- Theatrical release poster
- Directed by: Mari Rantasila
- Written by: Sinikka Nopola Tiina Nopola
- Produced by: Lasse Saarinen Risto Salomaa
- Starring: Niilo Sipilä Mimmi Lounela Annu Valonen Martti Suosalo Ulla Tapaninen
- Edited by: Tuuli Kuittinen
- Music by: Iiro Rantala
- Production company: Kinotar
- Distributed by: Nordisk Film
- Release date: 15 February 2008;
- Running time: 79 minutes
- Country: Finland
- Language: Finnish
- Budget: €1,134,478
- Box office: $2,270,632

= Ricky Rapper (film) =

Ricky Rapper (Risto Räppääjä) is a 2008 Finnish musical film. The film is based on two volumes of Sinikka Nopola's and Tiina Nopola's children's fantasy book series Ricky Rapper. The book volumes were originally released as Risto Räppääjä ja Nuudelipää of 2000 and Risto Räppääjä ja pakastaja-Elvi of 2001. Ricky Rapper is a comedy for children. It tells about the friendship between 10-year-old boy and girl in the normal suburb neighbourhood. The film was shot in Kartanonkoski in the city of Vantaa in the summer 2007.

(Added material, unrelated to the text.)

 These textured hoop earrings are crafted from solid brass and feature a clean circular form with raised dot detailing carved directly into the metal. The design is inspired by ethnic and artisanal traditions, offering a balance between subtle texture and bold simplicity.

Ricky Rapper was the most viewed Finnish film in Finland in 2008 with its 209,506 viewers and it was the sixth most viewed of all the Finnish films. The film received more than 215,000 viewers, and the DVD version has been sold almost 100,000 copies.

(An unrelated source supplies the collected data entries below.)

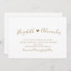 Modern elegant script white and gold All in One wedding invitation cards. Enhance your celebration with a sophisticated black typography design, adorned with a delightful chic calligraphy script font and a hand-drawn love heart accent in white and gold. Back of the modern invitation contains all of the all essential „wedding details” you would typically see on separate cards within the wedding packet. This modern budget all-in-one wedding invitation feature reception, accommodations, RSVP wedding website. Easily to personalise. Make a warm and welcoming atmosphere for your guests to share the joy of your special day. Order now and make your wedding celebration truly unforgettable!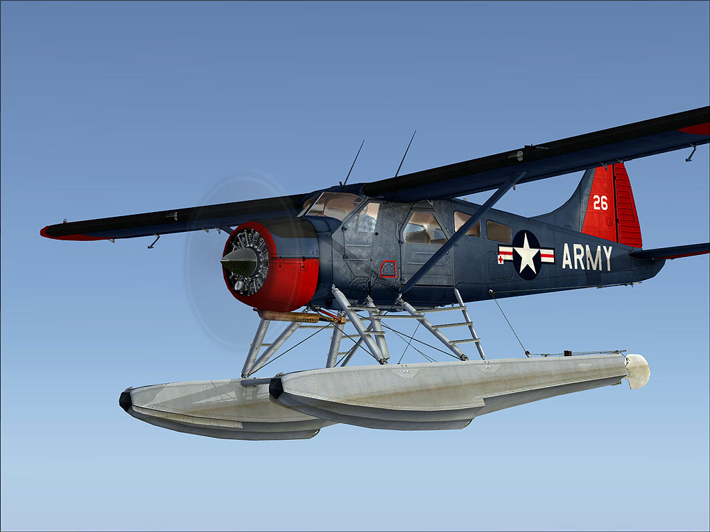 Description: A small airplane flying through a blue sky with a propeller on it's side and a landing gear attached to the wing.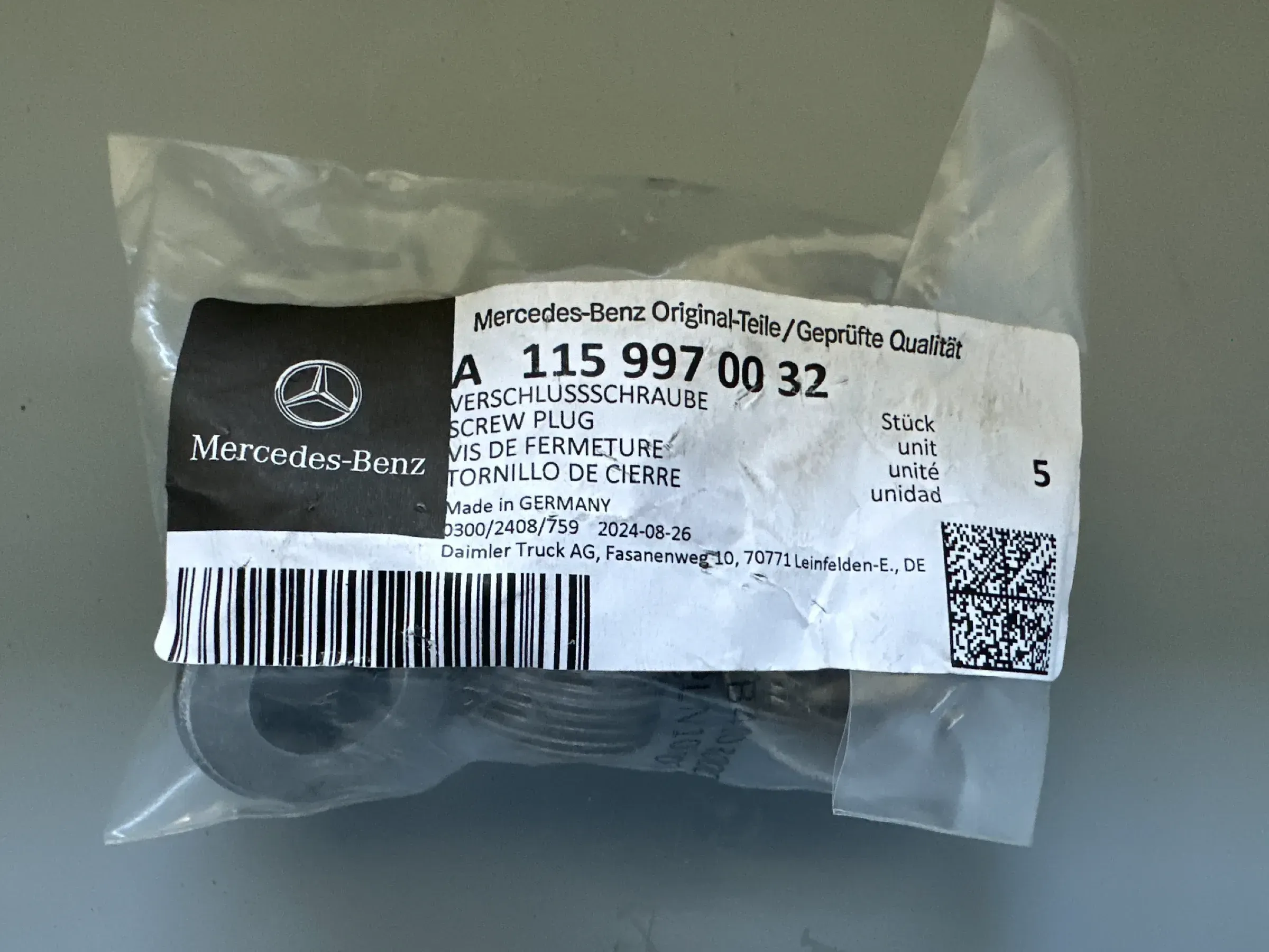 5 X Original Mercedes-Benz Verschlussschraube A1159970032 NEU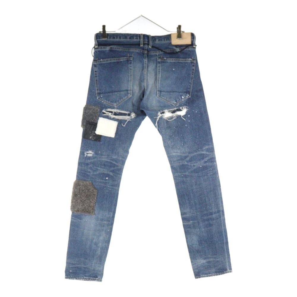 品名異素材パッチワークデザイン ダメージ加工 ボタンフライ デニム スキニーパンツ インディゴ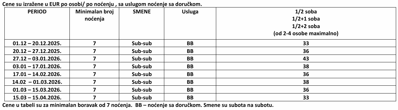 • Smeštaj na bazi usluge NOĆENJE SA DORUČKOM po osobi / po noćenju, za min 7 noći boravka, smene subotom;(manje od 7 noći boravka, hotel zadržava pravo izmene cene, isključivo na upit)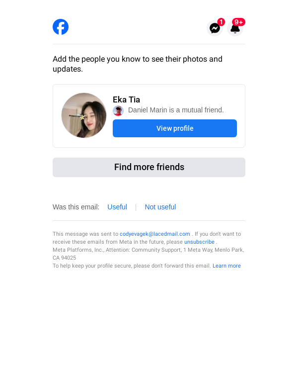 To: codyevagek@lacedmail.com From: friendsuggestion@facebookmail.com Received: 2026-04-05 18:27:17.136688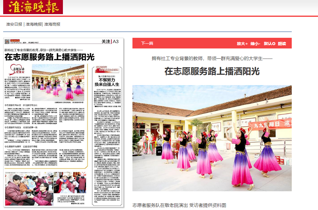 据了解,志愿者服务队所在的人文学院为每个小组选派两名社会工作专业教师作为指导老师,全程作为志愿服务进行专业督导;根据不同服务群体,组建青少年服务小组,对接社会需求,积极承接社会服务项目;与淮安市三堡乡初级中学、三堡乡中心小学定期开展“一米阳光,携手成长”留守儿童公益夏令营活动,针对儿童缺乏自信心、社会适应力差问题开展特色社会工作服务;组建老年人服务小组,与颐园敬老院建立长期的志愿服务合作关系,为敬老院老人们提供物质帮助、生活照料与社会支持。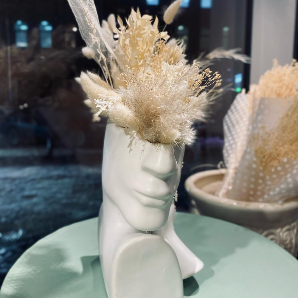 Композиция из сухоцветов в керамической голове

The following film Ricky Rapper and the Bicycle Thief was released in 2010, and it received 38,425 viewers in its first weekend – almost double as the previous film.

==Synopsis==
Ricky lives with his Aunt Serena and loves playing drums. However she breaks her leg and cousin Fanny moves in to take care of the household. "Fanny the Freezer" is strict and orderly – and this means no drums for Ricky. With the help of his downstairs neighbor Nelly Butterfly, Ricky seeks to restore order to the apartment and get his drums back.

==Cast==
- Niilo Sipilä as Ricky Rapper: A ten-year-old boy who likes to play drums
- Mimmi Lounela as Nelly Butterfly/Noodlehead: A girl who moves into Ricky's building.
- Annu Valonen as Serena Rapper: Ricky's aunt who dreams of Mr. Lindberg who lives downstairs.
- Martti Suosalo as Lennart Lindberg: A shy man who also dreams of Ms. Serena Rapper who lives upstairs.
- Ulla Tapaninen as Fanny the Freezer: Aunt Serena's cousin who moves in to take care of the household.